Was diesen Zusammenbruch im einzelnen auslöste, wisse man nicht. Womöglich sei das Wetter für den Käfer nicht optimal gewesen oder die Bäume fitter? Auch im Nationalpark Harz lässt man Natur gerade Natur sein. Der Borkenkäfer beschleunigt hier den Umbau alter Wirtschaftsforste in ursprüngliche Wälder..

Ein ungutes Gefühl hat Peter Biedermann, wenn er sieht, wie zurzeit sonst mit der Borkenkäferplage umgegangen wird: „Wir werden den Käfer in manchen Gebieten nicht mehr los, auch wenn wir die befallenen Bäume permanent aus dem Wald schaffen.“ Durch dieses Vorgehen halte man die Käfervermehrung ständig am Laufen und lasse gar nicht erst zu, dass sie nach einer gewissen Zeit womöglich auch von alleine zusammenbrechen würde. „Wir greifen immer vorher ein“, kritisiert Biedermann.

Ein Umdenken ist nötig. „Man weiß schon seit 20 oder 30 Jahren, dass die Wälder umgebaut werden müssen und natürlich hat auch die Fichte eine Chance, allerdings in Hochlagen etwa des Harzes oder der Alpen“, sagt Biedermann.

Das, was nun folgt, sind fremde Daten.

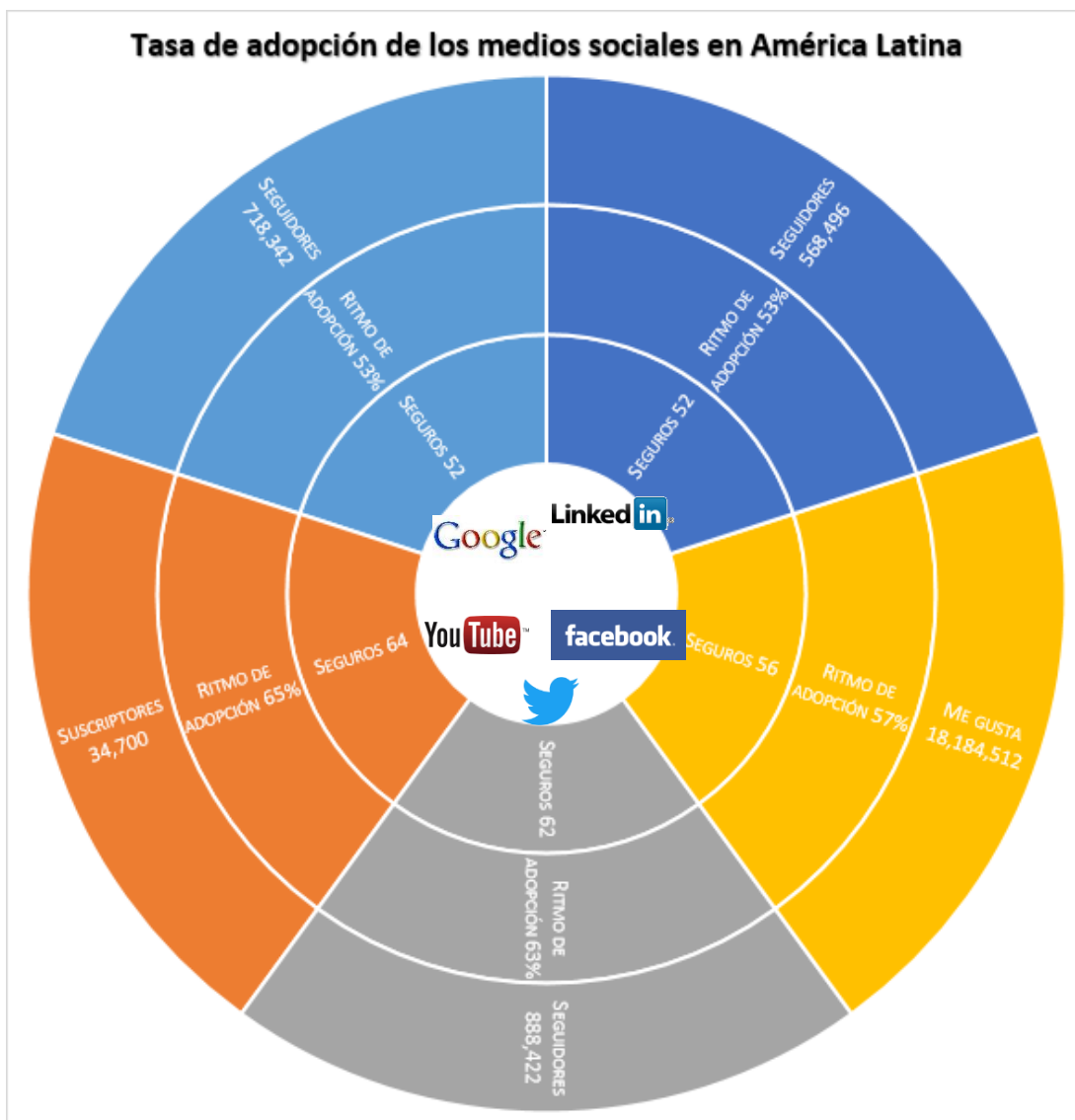
Figura 3. Tasa de adopción de los medios sociales en América Latina. ¿Adaptado de “Are insurers really embracing social media?” por Celent.

Si la población más importante se encuentra en Brasil (con 13,67 millones de personas), Ecuador se ubica en la sexta posición con alrededor 860.000 usuarios de redes sociales, repartidos de la siguiente manera: 853.823 usuarios de Facebook, 1539 en Twitter, 1299 en LinkedIn, 91 en YouTube y 4 en Google + (Celent, 2016). Además, el informe destaca que, en Brasil, Chile, Ecuador y Perú, las compañías de seguro parecen haber puesto en marcha estrategias de mayor importancia para obtener un público en crecimiento. De hecho, en los países sub-mencionados, “la penetración del social media (seguidores del seguro divididos por la población) es más alta que la penetración del seguro” (Celent, 2016, p. 19).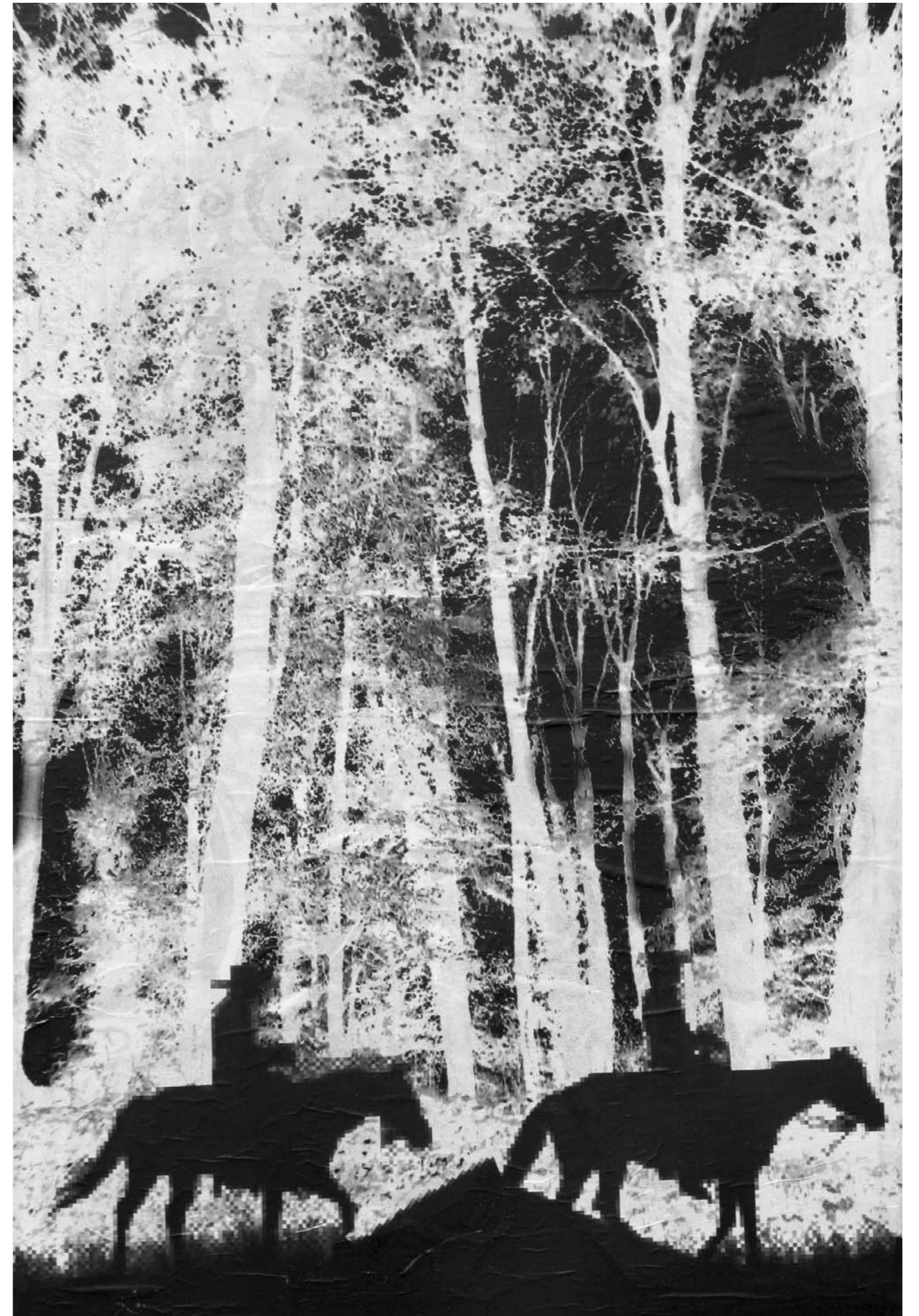
COWBOY: TREK | 150 x 100 cm | 2009 | PAPER ON MDF

Es gäbe Risikokarten, auf denen man ablesen könne, wo in Deutschland der Befall mit Borkenkäfern besonders stark sei. „Mein Vorschlag ist – und ich verstehe, wenn ein Waldbesitzer darüber nicht erfreut ist: in den Hochrisikogebieten im Flachland, wo Fichten natürlicherweise nicht wachsen und man den Käfer sowieso nicht mehr los wird, sollte man ihn einfach einmal lassen und beobachten was passiert.“

Mit seinem Vorschlag liegt Biedermann gar nicht so weit entfernt von den Gedanken, die Daniel Prinz von Sachsen Herzog zu Sachsen äußert, der zwischen Radebeul und Friedewald 1000 Hektar Wald bewirtschaftet:

„Wahrscheinlich wird der Wald der Zukunft wieder stärker von der Natur gestaltet werden als vom Menschen. Wir werden einsehen müssen, dass die Natur das besser kann als wir. Dann gibt es eben nicht mehr diese produktiven Wälder – also produktiv für den Menschen – aber für den Naturhaushalt ist es wahrscheinlich besser.“

Zum Wald der Zukunft gehört auch der Borkenkäfer.